--- START ---
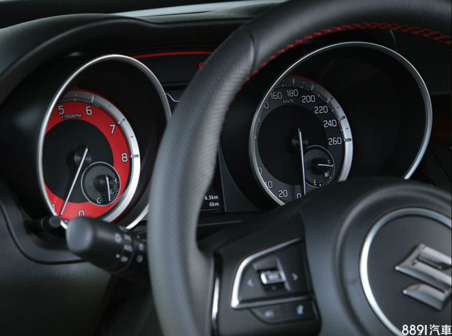 車室加入紅色飾板與車縫線,儀錶的紅色設計及金屬踏板,更增添些許視覺上的熱血感受。
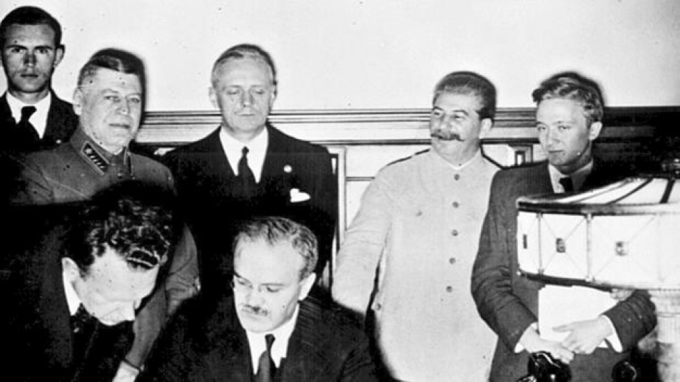 Molotov podepisuje německo-sovětskou smlouvu o neútočení. Za ním je vidět Ribbentrop (v černém) a Stalin (ve světlém, druhý zprava) | Foto: National Archives and Records Administration | Zdroj: Wikimedia Commons
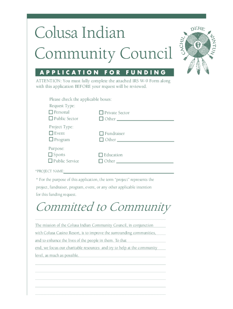 Column Indian Community Council ATTENTION: You must fully complete the attached IRS W9 Form along with this application BEFORE your request will be reviewed. Please check the applicable boxes: Request
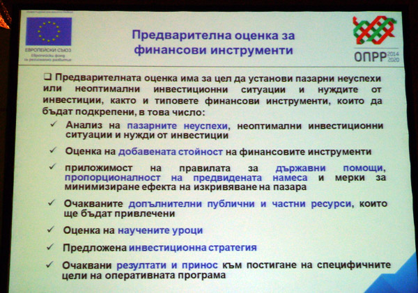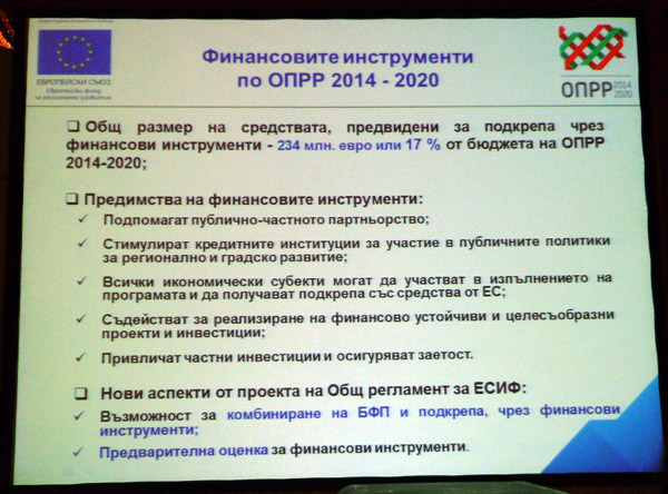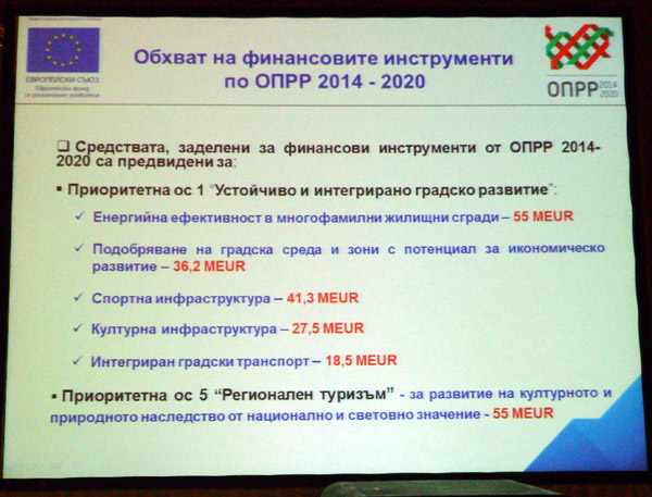 По време на дискусионния форум Еудженио Леанца, отговарящ за програма JESSICA и инвестиционните фондове в Европейската инвестиционна банка, говори за най-важните европейски инструменти в подкрепа на градовете. За опита на Гърция с градските финансови инструменти разказа Апостолос Пападопулос, ръководител „Правителство и инфраструктура" (Partner Grant Thornton), а Димитър Черкезов, главен сътрудник по управление на европейски проекти и програми в Главна дирекция "Програмиране на регионалното развитие" в МРР, разказа за оперативна програма "Региони в растеж".
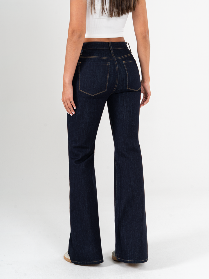 Jean flare stretch, bota ancha, tiro alto, tono azul oscuro, silueta ajustada, diseño cinco bolsillos.
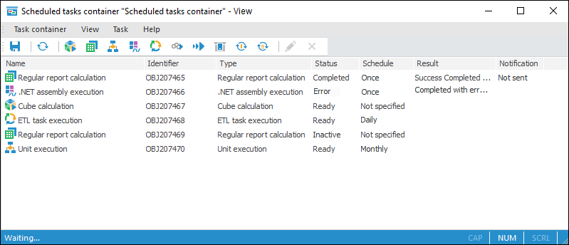 Starting Task Scheduler | Viewing Task Scheduler Parameters | Scheduled Tasks Container
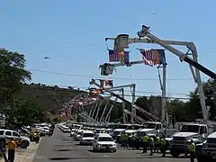 On July 2, more than 3,000 people attended a public memorial service at an indoor stadium in Prescott Valley.[35] Vice President Joe Biden, Arizona Governor Jan Brewer, and the team's lone surviving firefighter, Brendan McDonough, spoke at a memorial in Prescott on Tuesday, July 9.[36] That memorial was attended by thousands, including representatives from over 100 hotshot crews across the country, and was streamed live by several media outlets.[37] Individual memorial services were scheduled for later in the hometowns of the 19 firefighters.
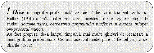 O monografie profesionala trebuie sa fie un instrument de lucru. Pentru aceasta au fost propuse mai multe ghiduri de redactare dintre care cel indicat de Shartle (1952) este mai adecvat actualelor conditii ale muncii industriale. Aceasta contine urmatoarele elemente :
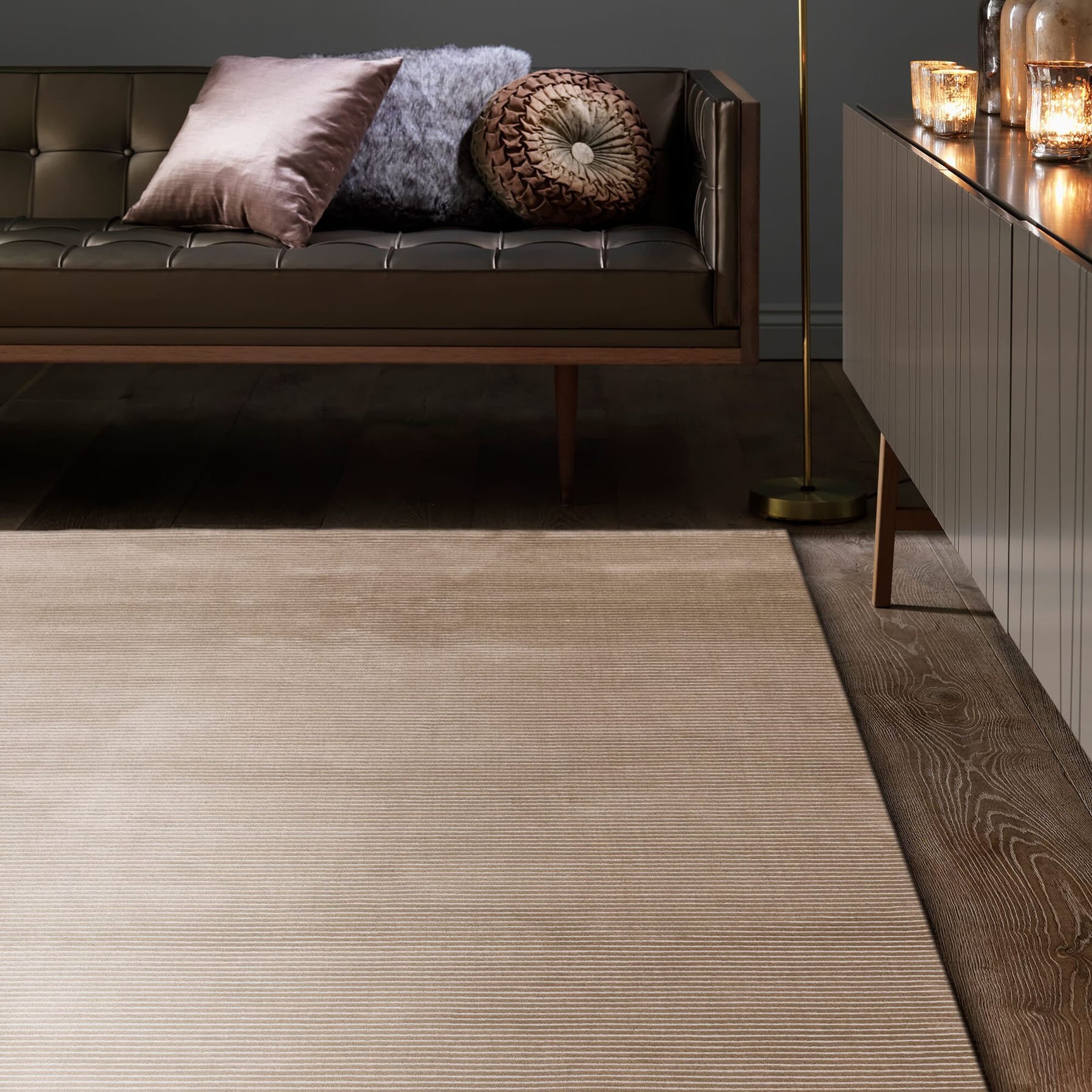ニュートラルモダンな色合いと、スタイリッシュなリブボーダーの組み合わせが、ハイセンスなプレーンラグ Bodil。
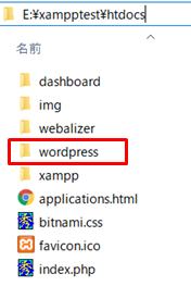 3.解凍したwordpressフォルダを、XAMPPフォルダのhtdocsフォルダ配下に配置します。
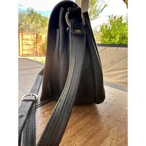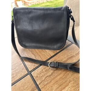 Vtg Ganson Black Leather Crossbody Saddle Flap Purse Adjustable Strap 80s 90s
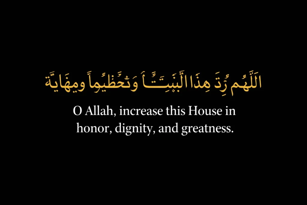 اللَّهُمَّ زِدْ هَذَا الْبَيْتَ تَشْرِيفًا وَتَعْظِيمًا وَمَهَابَةً
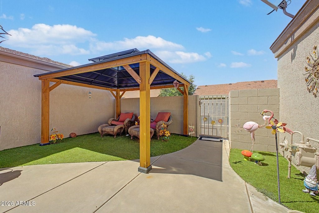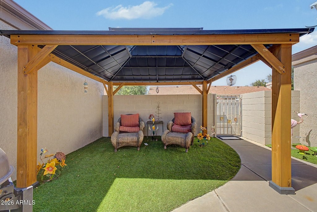 Wait until you see this absolutely stunning 2-bedroom, 2-bath patio home--designed to impress even the most discerning buyer. From the moment you step inside, you'll notice the beautiful luxury vinyl flooring that flows seamlessly throughout the entire home, creating a modern and cohesive feel. The updated kitchen is a true standout, featuring elegant quartz countertops, brand-new appliances, and plenty of space for cooking and entertaining. Comfort is key with a newly installed air conditioning system, ensuring year-round enjoyment. Step outside to your private backyard oasis, complete with low-maintenance artificial turf and a charming gazebo--perfect for relaxing evenings or entertaining guests. This home truly has it all--style, comfort, and thoughtful upgrades throughout. A must-se
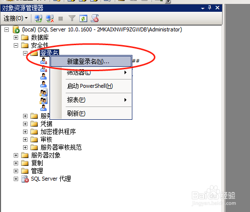我们知道数据库是保存我们重要资料的重要文件,如果用数据库管理系统创建我们的数据库,是非常的重要。现在随着社会的快速发展,数据库得到了快速的应用,所有的应用程序都会是基于数据库平台运行的,数据库给前端应用程序提供了数据支撑。所以作为一个数据库管理员或者说是想管理好数据库的你来说,有必要懂得如何给数据库建立登录名,因为数据库涉及很重要的数据和资料,给不同的用户建立不同的登录名,可以有效的进行控制用户的访问权限,进而来保障数据库的安全。这是没有一个数据库管理员必须会,那么怎么给数据库建立登录名呢?跟小编一起来学吧工具/原料more电脑sql server方法/步骤1/5分步阅读
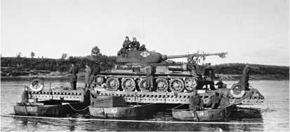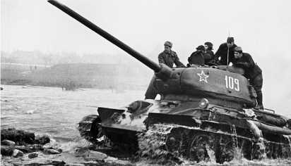 Танк Т-34-85 на переправе через Западную Двину. 1-й Прибалтийский фронт, июль 1944 года.
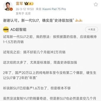 数据显示,去年su7销量大约25.8万台,平均月销量2.15万台,全新su7今年4月交付,今年能卖9个月,产能给力的话,卖20万台问题不是太大。yu7月销量三万台左右,今年卖35万台问题不大,加起来就能完成雷军定下的55万台销量目标。19日发布会,不仅有汽车,据说还有高端笔记本电脑和其它新品。那么大家觉得全新su7月销量能稳定在2万台以上吗。
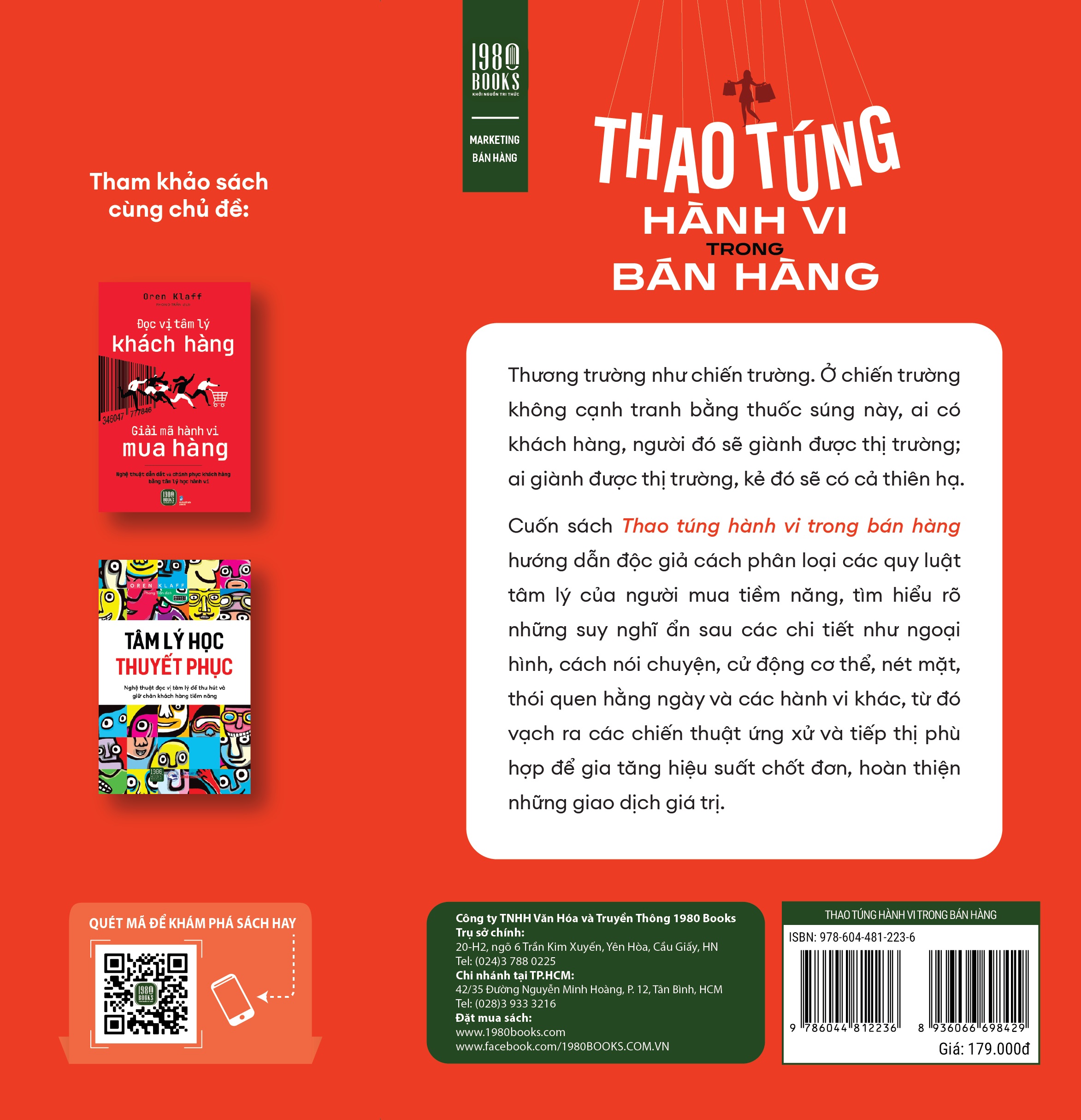 Thuyết phục mỗi khách hàng “chốt đơn” giống như một bài toán nan giải đối với nhiều nhân viên bán hàng. Qua cuốn sách Thao túng hành vi trong bán hàng, chúng ta sẽ biết được cách phân loại các quy luật tâm lý của người mua tiềm năng, tìm hiểu rõ những suy nghĩ ẩn sau các hành vi của khách, từ đó vạch ra các chiến thuật ứng xử và tiếp thị phù hợp, thành công hoàn thiện giao dịch. Cuốn sách cung cấp nội dung toàn diện, chi tiết, đồng thời sử dụng nhiều ví dụ thiết thực để minh họa cho các tình huống thương lượng thường gặp trong thực tiễn bán hàng. Đây được coi là "bí quyết võ công" để doanh nghiệp có thể hiểu hơn về khách hàng của mình và khéo léo truyền thông đến khách hàng một cách chân tình nhất.
--- END ---
## TASK TO CARRY OUT
From the data above, return exactly the lines from the one with "3.解凍したwordpres" up to and including the one with "Wait until you". Pictures do not go in the copy.

## SOLUTION FOR THIS EXERCISE
 3.解凍したwordpressフォルダを、XAMPPフォルダのhtdocsフォルダ配下に配置します。
 Vtg Ganson Black Leather Crossbody Saddle Flap Purse Adjustable Strap 80s 90s
 اللَّهُمَّ زِدْ هَذَا الْبَيْتَ تَشْرِيفًا وَتَعْظِيمًا وَمَهَابَةً
 Wait until you see this absolutely stunning 2-bedroom, 2-bath patio home--designed to impress even the most discerning buyer. From the moment you step inside, you'll notice the beautiful luxury vinyl flooring that flows seamlessly throughout the entire home, creating a modern and cohesive feel. The updated kitchen is a true standout, featuring elegant quartz countertops, brand-new appliances, and plenty of space for cooking and entertaining. Comfort is key with a newly installed air conditioning system, ensuring year-round enjoyment. Step outside to your private backyard oasis, complete with low-maintenance artificial turf and a charming gazebo--perfect for relaxing evenings or entertaining guests. This home truly has it all--style, comfort, and thoughtful upgrades throughout. A must-se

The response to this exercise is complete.